The Hundred-Year Marathon: China’s Secret Strategy to Replace America As The Superpower
By Phar Kim Beng
Founder/Chair
Strategic Pan Indo-Pacific Arena
Strategicpipa.com
Twitter: @indo_pan
Facebook: https://www.facebook.com/Strategicpipa
— — —
Michael Pillsbury, who has a Ph.D. in political science from Columbia University, has been a top American strategist on China since 1970. It was he, rather than Henry Kissinger, who conceived the strategy to use China to counterbalance the Soviet Union in the mid 1970s, culminating with the normalization of Sino US relationship during the tenure of President Jimmy Carter in 1979.
But, even well before that, Pillsbury’s idea had been well received by President Richard Nixon prior to his forced resignation over Watergate. Given such a colorful background, it is amazing to see him making an argument in the complete reverse: that the US should now find ways to contain and constrain China. Why?

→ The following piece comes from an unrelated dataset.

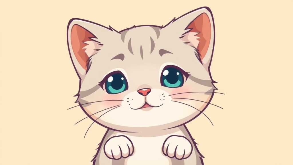 Cute anime-style kitten T-shirt design, vector art, illustrated by Tim White, featuring a charming and adorable expression, soft color palette, with a light golden background, maintaining a raw and clean aesthetic.

This is because China has always harbored the ambition of becoming the world’s leading power, supplanting the role of the United States. Such an argument is all good and well. After all, China is indeed growing at twice the rate of the United States. But the gross domestic product of the United States alone has reached USD 16 trillion, several times larger than China and even Japan combined.

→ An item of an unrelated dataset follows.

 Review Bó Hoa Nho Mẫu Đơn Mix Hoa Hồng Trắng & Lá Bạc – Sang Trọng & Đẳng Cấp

Perhaps the race towards becoming the proverbial top dog of international relations, as the realist theory of international relations has it, is driven by peer rivalry, and the fear of losing one’s relatives gains. China is not winning but losing to the United States in various metrics i.e. hard power, soft power, even smart power. Invariably, to counter the phenomenal resources of the US, which combine the hard power of the Pentagon, with the soft power of Hollywood, China has had to think hard and long on how to deal with the US more comprehensively. One of the outcomes of such a race is the One Maritime Belt and One Silk Road (OBOR) strategy, which strangely Michael Pilsbury did not give any significant weight. Not surprisingly, this is a book that gives one a peek of American insecurity too viz China, not necessarily China’s angst and anxieties alone viz the US.